(Beginning of Supplied material)

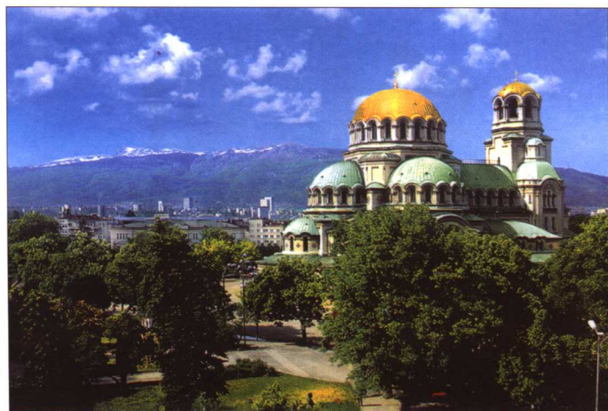
亚历山大·涅夫斯基大教堂
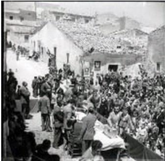
Figura 28: sorteggio
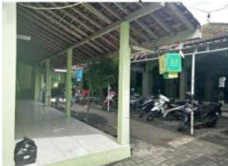
Gambar 5. Kampus 3
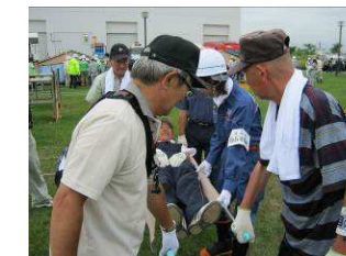
真剣に訓練に取り組む参加者

(End of Supplied material)

• [What to do] The full text of the data above, exact and without pictures, is what to return.

• [Result]
亚历山大·涅夫斯基大教堂
Figura 28: sorteggio
Gambar 5. Kampus 3
真剣に訓練に取り組む参加者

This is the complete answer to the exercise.